Military, BNI, Police destroy illegal farms in Birim Forest Reserve
A combined team of military personnel, the Bureau of National Investigations, the police, and forest guards destroyed part of illegal farms in the Birim Forest Reserve on Tuesday.
Ms Dorothy Dampson, the Akyem Oda District Forestry Manager, who led the exercise, said some famers, mostly from Apoli Zevor in the Akyemmansa District, had planted cocoa and food crops on about 100 acres of the Reserve .
She told the Ghana News Agency that a similar exercise was conducted in 2008-2009 but it was halted half way and that gave the farmers the opportunity to expand their illegal farms.

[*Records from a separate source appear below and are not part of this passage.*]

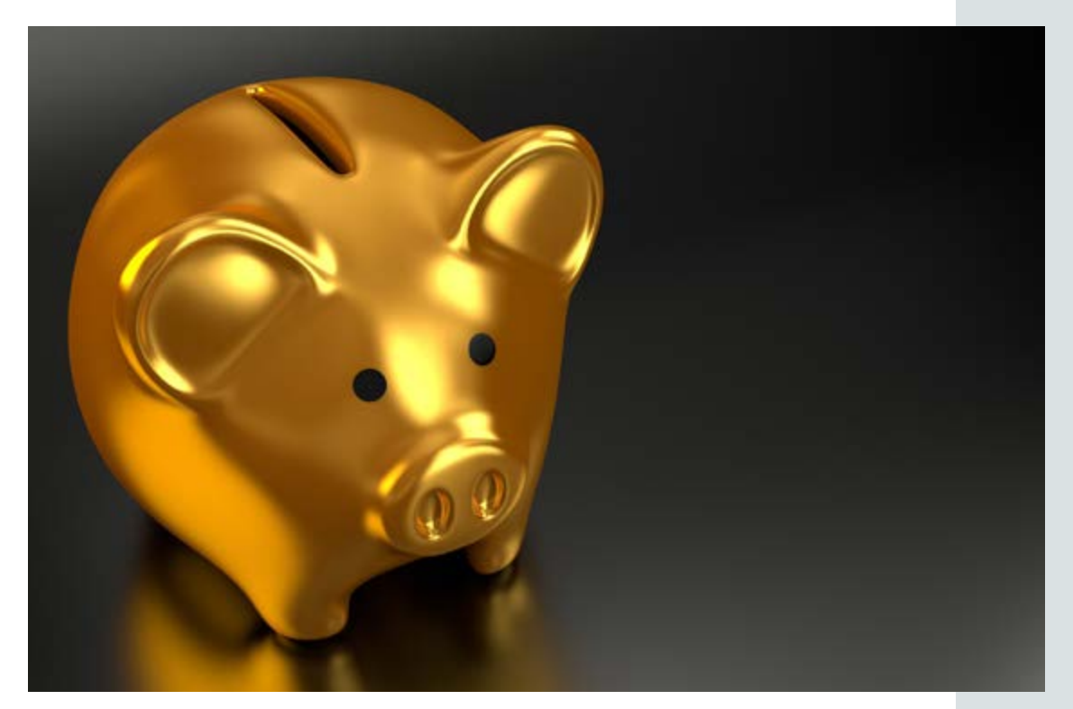
STEP 3: IMPLEMENTATION

A solution free of impediments has been identified to solve a problem. Does implementation of the solution require a plan update? If so, does the solution create a new benefit or reduce a current benefit? Will the solution be implemented mid-year via an amendment or at plan renewal? Will other documents need to be updated as well, like the Summary of Benefits and Coverage (SBC)? Are there concerns about the Affordable Care Act (ACA) or the Employee Retirement Income Security Act (ERISA) timelines or rules?
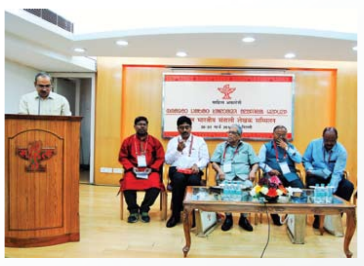
The Inaugural Session of the Meet in progress

ALL INDIA SANTALI WRITERS' MEET March 30-31, 2017, New Delhi
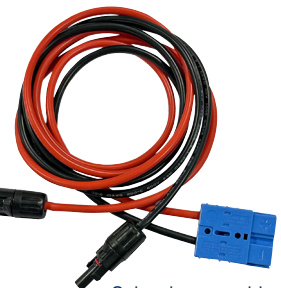
Solar charger cable (SB50 to MC4 connectors)
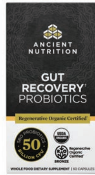
Ancient Nutrition Gut Recovery Probiotics SRP: $59.95 Booth: 3981
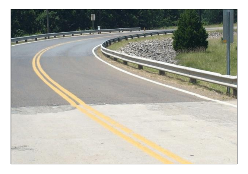
Figure 2.7.1-21: Assessment 9323 – Asphalt Approach Roadway.

It is the inspector's task to examine each system and reasonably assign the most severe assessment condition to each assessment. Quantifying these amounts helps to generate quantity/cost estimates for future remedial work.
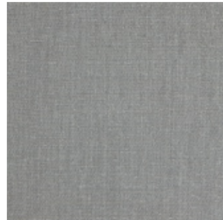
FABRIC purpose 2695
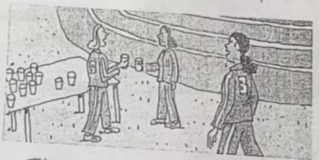
8. They should drink some water
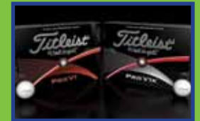
Titleist Pro V1s
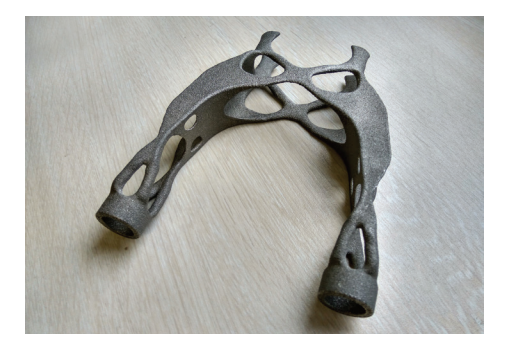
3D Printed Optimized Yoke
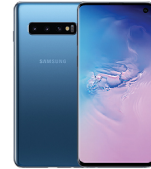
Samsung Galaxy S10
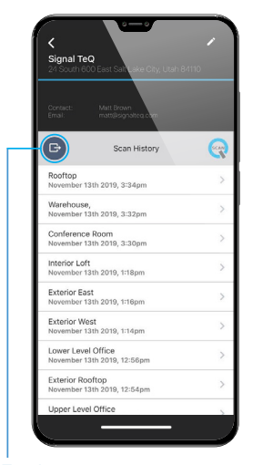
Easily export your system design projects as .csv files for use in Excel.
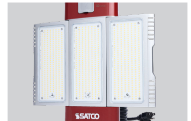
Expandable Light Panels

This device complies with Part 15 of the FCC Rules. Operation is subject to the following two conditions: (1) this device may not cause harmful interference, and (2) this device must accept any interference received, including interference that may cause undesired operation.
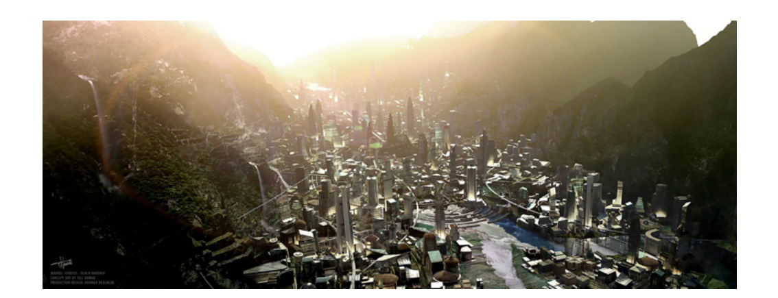
FIGURE No 6

Black Panther Aerial of city sunset Marvel Entertainment (moviestillsdb 2018; cf. Coogler 2018) ©MARVEL (fair use copyright permission).
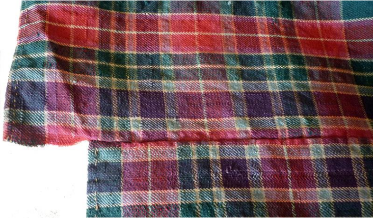
Fig 3. Shortened section as a result of patching and showing the difference in sewing quality.

The plaid/shawl is 6' 6" long x 22.5" wide, superbly dyed and finely woven at 54 epi with single (unplied) yarn in both warp and weft. The width is marginally narrower but when considered with quality of the material and the colours it is typical of Wilsons' Fine Cloth , a number of settings for which were included in their 1819 Key Pattern Book. There is some significant moth or other form of damage in a couple of places which has been patched with a piece taken off the end of one of the lengths making it slightly shorter (Fig 3). Although the shortened section has been turned and sewn in the traditional fashion the quality of the latter sewing is poorer and less dense than the original. This can also be seen in the picture.
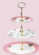
Cheeky Pink Three Tier Cake Stand Boxed CHEPNK26584 652383749917
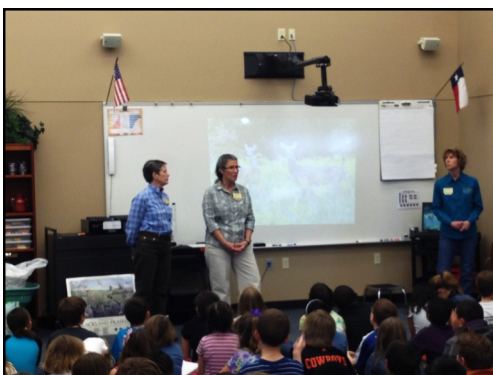
Our 3 presenters fielding questions

Some of the students' questions went like this:
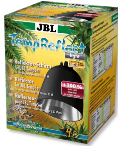
JBL TempReflect light Reflector screen for energy-saving lamps
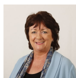
Rona Mackay Scottish National Party
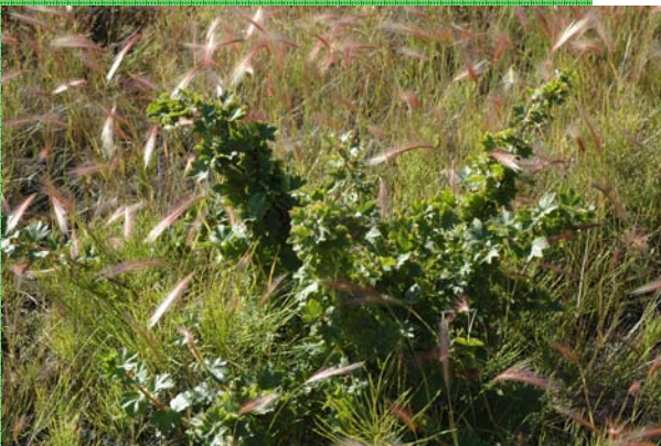
Foxtail Barley - Hordeum jubatum (grass) Wild Black Current ( Ribes americana ) (shrub)
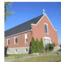
St. John Church Garson
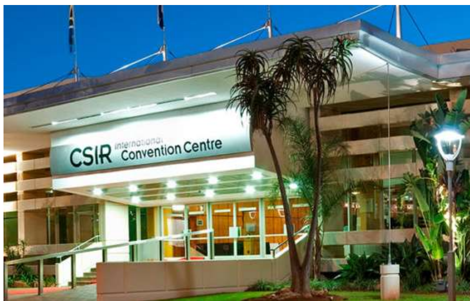
The CSIR Convention Centre in Pretoria, South Africa.

ISWIM has published the call for abstracts for the 3 rd Regional ISWIM Seminar 'Optimising Road Freight Transport using WIM Data'. The seminar will be held from the 7 th to the 9 th of November 2021 in the CSIR Convention Centre in Pretoria, South Africa. This is a key ISWIM event between two International Conferences (namely ICWIM8 and 9) with a specific focus on Sub-Saharan Africa.

Ms Dampson said: “This time round we will sustain the exercise to ensure that all illegal farmers are flushed out from the reserve”.
She said any farmer caught farming in the reserve would be arrested and prosecute and explained that there was “no admitted farm” in the reserve, which means that the farmers were operating in the area illegally.
Ms Dampson said that was against the Forest Reserve Protection Degree 1974 NRCD 243 as amendment in 2002.
He said: “The Amendment is Forest Protection Act 624, which prevents individuals or groups to farm or to cultivate in a Forest Reserve without notice from the Chief Executive Officer of the Forest Commission”.
Ms Dampson said after clearing the farms, people would be employed from the fringe communities to embark on tree planting in the reserve under the Government’s National Forest Plantation Development Programme.
She expressed worry about the rate at which the country’s forests were being depleted, and called on chiefs and other stakeholders to help save the forests.
The GNA learned that farmers who might have got wind of the exercise fled the farms before the arrival of the team.